I don't see that. In fact, I don't see the relevance of LMVT here. Were you told to use it somehow? Unless I've misunderstood something, there's quite an easy (and differentiable) solution.
 
Thank you, haruspex for your reply. No, I wasn't told to use LMVT, but that was the only way I could think of.

Well, what I had in mind was assuming that such a function f exists, which is continuous in [-1,1] and differentiable in (-1,1), and f(a) not equals f(b), for any a not equals b, in [-1,1] (Sorry for my abstinence from symbols, I'm typing from my phone). Then by LMVT, there would exist some c such that

f'(c) = (f(1) - f(-1))/(1-(-1))

Now, if f'(c) were to be 0, then essentially f(-1) = f(1).

But we assumed that, f(a) not equals f(b), for any a not equals b, yet we got f(-1) = f(1). Hence, our assumption is wrong, and therefore such a function cannot exist.

But the above proof relies on the assumption that f is continuous in [-1,1] and differentiable in (-1,1). But this need not be the case. From the question, what I understand is that f could very well be differentiable ONLY at x = c.
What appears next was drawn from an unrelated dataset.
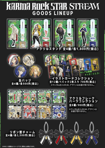 「モンソニ!」の新プロジェクト「カルマロックスターストリーム」のグッズが初登場します。カルマロックスターを中心に、モンソニ!の男性アーティストにフォーカスした新たな展開です。期間中、特大パネルや録り下ろしボイスが来場者をお出迎えします。

Could you share your thoughts on this, haruspex? Please don't give out the solution, as I'd like to have the pleasure of solving it on my own. Thanks.
 
Ryuzaki said:
Thank you, haruspex for your reply. No, I wasn't told to use LMVT, but that was the only way I could think of.

Well, what I had in mind was assuming that such a function f exists, which is continuous in [-1,1] and differentiable in (-1,1), and f(a) not equals f(b), for any a not equals b, in [-1,1] (Sorry for my abstinence from symbols, I'm typing from my phone). Then by LMVT, there would exist some c such that

f'(c) = (f(1) - f(-1))/(1-(-1))

Now, if f'(c) were to be 0, then essentially f(-1) = f(1).
Sure, there exists some c s.t. f'(c) = (f(1) - f(-1))/(1-(-1)), but why should f'(c)=0 for that c? f could quite easily be 0 somewhere else.
Think of some point at which f' is zero. Now extend f left and right satisfying f(a)≠f(b).